Thursday, October 31, 2019

A Lot Less

Change before you have to.

-- Jack Welch


If you don’t like change, you’re going to like irrelevance a lot less.

-- General Eric K. Shinseki

Wednesday, October 30, 2019

Smallness

We are small and we should learn to be content with that.

...look around—take note of what it looks like when we aren't.

Tuesday, October 29, 2019

LT: Influence

Instagram: bobgoff

God didn't give you influence so you could lead people better; He wants you to love them more.

  -- Bob Goff

Monday, October 28, 2019

More Alive You Become

I've noticed...the more courageous you are, the more alive you become.

Sunday, October 27, 2019

Great Silence

The prayer of the contemplative is, essentially, an attention to the omnipresence of God. God is omnipresent not as a theological doctrine, but as the great silence that is present in every moment—but from which we are usually distracted by an overactive mind that refuses to wait in a humble unknowing for a pure wisdom from above [James 3:17].

-- James P. Danaher

Saturday, October 26, 2019

MacArthur VS Moore - Is This Really The Only Way?

For some time now, I’ve had a couple of somewhat independent thoughts rolling around in my head:

If it’s not leading you toward humility and compassion, it’s not leading you toward God.

We should be focusing just as much (even more?) on what we are for as we are on what we are against.


Love is powerful.  But, something (religious) often seems to too easily separate power from love and, in effect, creates priority—power first, love second (if at all).

This is why context is important; because, without it, it becomes (again too easily) too much ‘either / or’ and ‘us / them’—limiting our ability to hear the truth in other perspectives.  It seems to me, the way through such things is humility and dialog.

Here is a link to a helpful (imho) perspective on the recent John MacArthur dust-up about an issue for some groups of people (evangelicals, etc.):

John MacArthur tells Beth Moore to "go home" Drama: What should we think!

Though not in agreement with all the positions mentioned, I do find the approach and some of the observations helpful.

Here’s a couple more links to consider:

Max Lucado responds to John MacArthur's women preacher comments: 'Bride of Christ is sighing'

Empowering Women Leaders: An Interview with John Ortberg

At the very least, among other things, I am grateful for men who are speaking up about the way this is being handled. I certainly understand, and feel, some of what many women feel about the power-play they experience from certain men regarding these issues.  My own daughter pointed out how conspicuous the lack of grief is (instead of condescension and mocking) from the men, referenced in the first link above, over what they feel is so wrong.

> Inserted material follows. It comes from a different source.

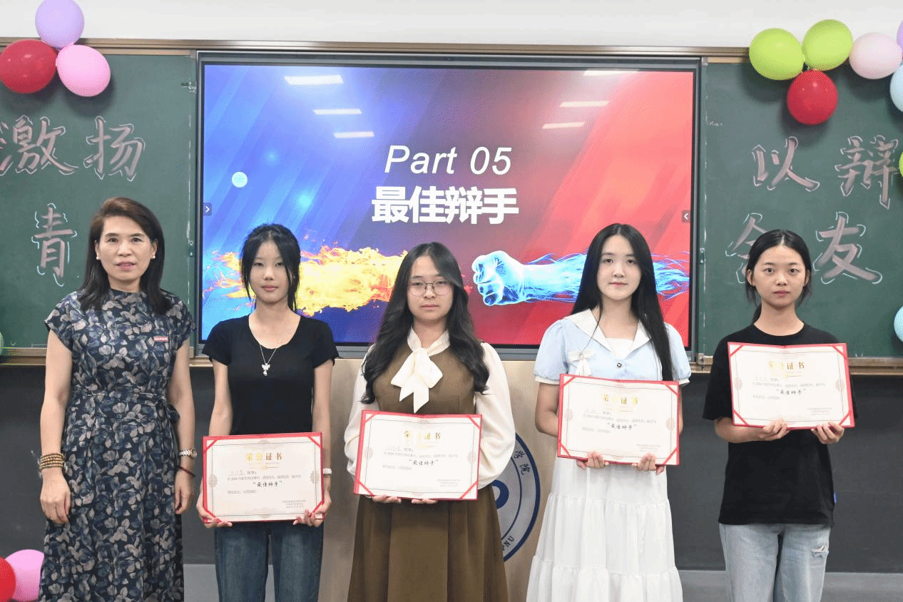 经过激烈角逐,“芭比公主队”荣获本次新生辩论赛“优秀团队”的称号,张楠、陈佳慧、徐婷婷、曾佳怡同学荣获得“最佳辩手”称号。

Why is it that so many old white men seem only to be interested in what is wrong about what other people believe (Christians here don't seem very different than non-Christians)?  Why do they think they are the only ones who know anything?  The only ones holding out for—holding on to the truth.  Is us VS them really the only way?  Is this the only remaining way for them to feel powerful?

As I continue to age, I hope I don't end up only interested in being right.  I can't picture Jesus, as an old man, becoming increasingly frustrated with what was wrong with the world (didn't he already know that?  And, he came anyway?  To do what?  ...love).

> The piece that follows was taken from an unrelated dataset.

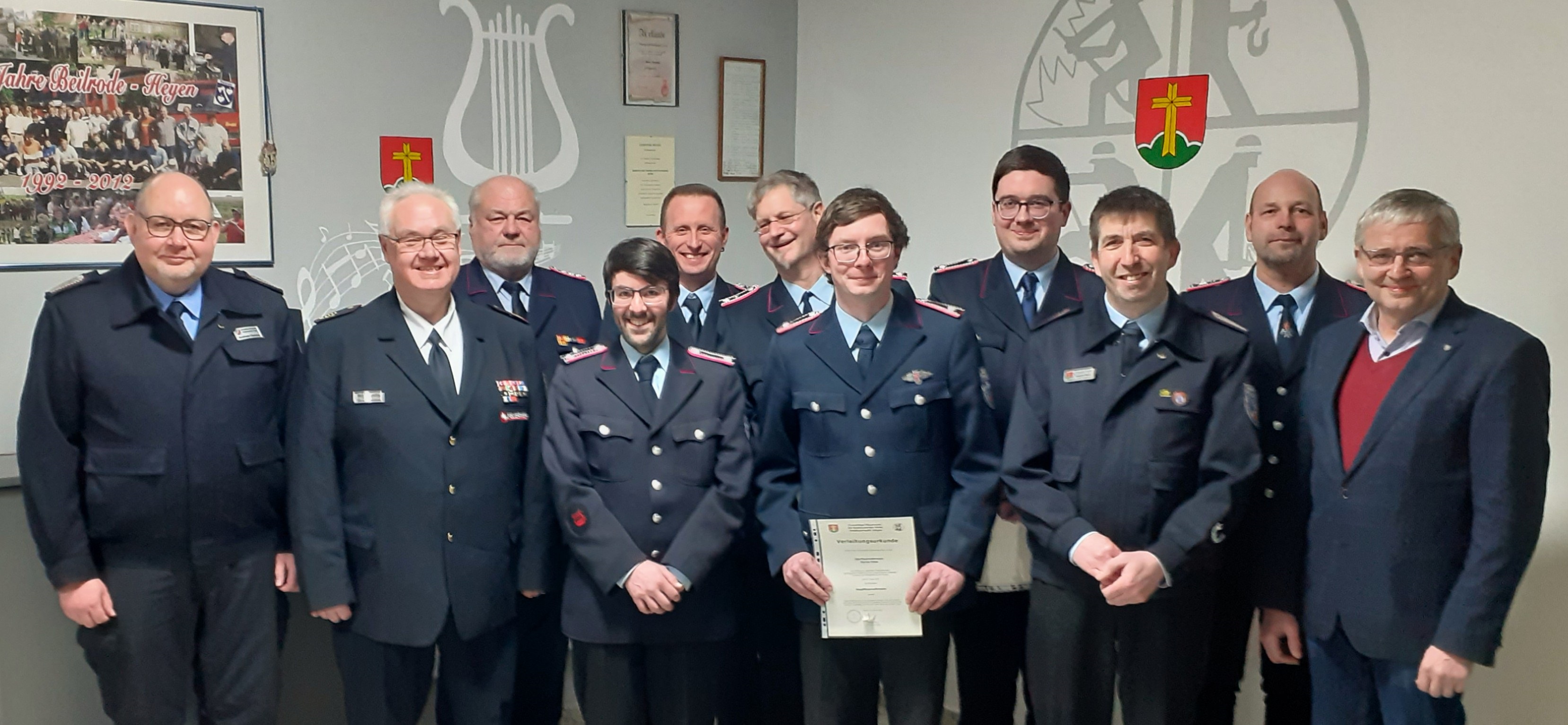 Für 50 Jahre Dienst im Musikzug erfuhr Rolf Keller eine Ehrung vom stellvertretenden Kreisbrandmeister Knocke, Lars Pfohl wurde für 25 Jahre Feuerwehrdienst ausgezeichnet. Wilhelm Baxmann (60 Jahre), Wilhelm Meyer (50 Jahre) und Gerd Fischer (40 Jahre) erhalten ihre Ehrung zu einem späteren Zeitpunkt. Mit der Bronze-Ehrennadel des Feuerwehrverbandes Niedersachsen überraschten Knocke und Gemeindebrandmeister Damrau Heyens Wehrchef Dietrich Meyer. Er erhält diese nicht alltägliche Auszeichnung in Anerkennung seines besonderen Einsatzes für die Feuerwehr.

They will know we are Christians by our love.

-- John 13:35

It doesn't say, 'They will know we are Christians...by our beliefs' (I'm not saying that beliefs don’t matter at all, but when they seem to supplant love, something else is going on). 

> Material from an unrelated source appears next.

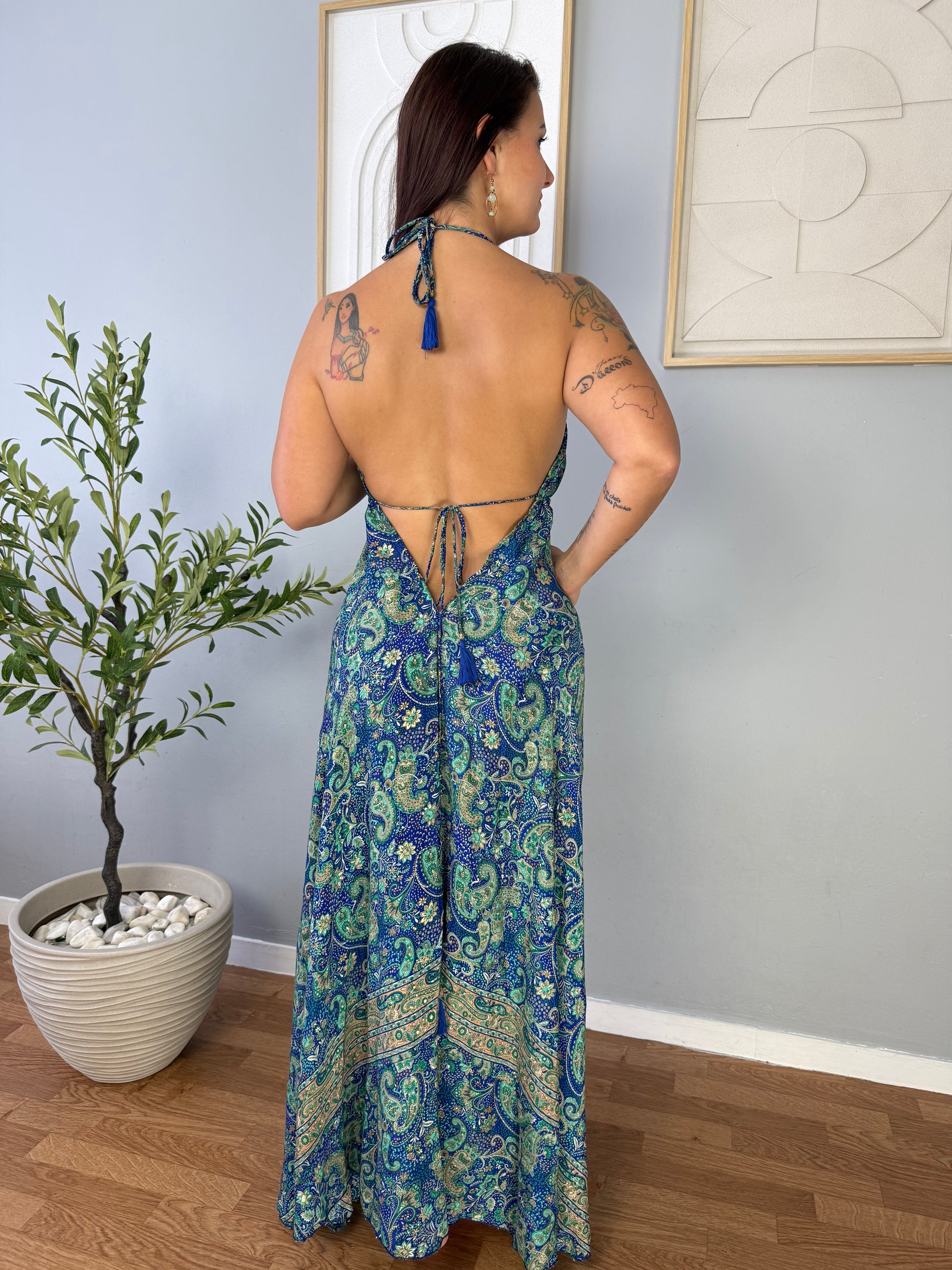 Robe Bohème Bleu Foncé Motifs Verts LYA

It is love that we should be for because love is where the real power is.

Friday, October 25, 2019

Have A Good Evening

I love the fact that there was a teenager working at a McDonald’s I recently visited who genuinely tells me to have a good evening as I drove away.  I think he meant it.

How counter-intuitive...and delightful.

Visual: Fall Tree Of The Day, 2019


Winona Lake, IN

Thursday, October 24, 2019

The Seers

They live in wisdom who see themselves in all and all in them, whose love for the Lord of love has consumed every selfish desire and sense craving tormenting the heart. Not agitated by grief or hankering after pleasure, they live free from lust and fear and anger. Fettered no more by selfish attachments, they are not elated by good fortune nor depressed by bad. Such are the seers.

-- Sri Krishna

Wednesday, October 23, 2019

What Do You Want? You're Free

You have nearly complete freedom, outside the constraints of your tendency to work physical or social advantages in your favor, to do whatever you want...to be whoever you want.  You might actually hate that, if you really realized where that actually leaves you.

Nonetheless, in light of that, what do you want to do or be?  Stop thinking that you are constrained by someone else.  You're free.

Tuesday, October 22, 2019

Best Today

The best preparation for tomorrow is doing your best today.

-- H. Jackson Brown, Jr.

In other words, our job is to learn how to be as present as we can be and give our self as fully as we can to the current moment.  The future will take care of itself.

Monday, October 21, 2019

Under-Estimate

I've noticed...we often under-estimate our power, mostly because we seem afraid of it.

Sunday, October 20, 2019

The Cause of Our Wonder

...it is not the task of Christianity to provide easy answers to every question, but to make us progressively aware of a mystery.  God is not so much the object of our knowledge as the cause of our wonder.

-- Kallistos Ware

I cannot express fully enough the affection I have for this disposition to God.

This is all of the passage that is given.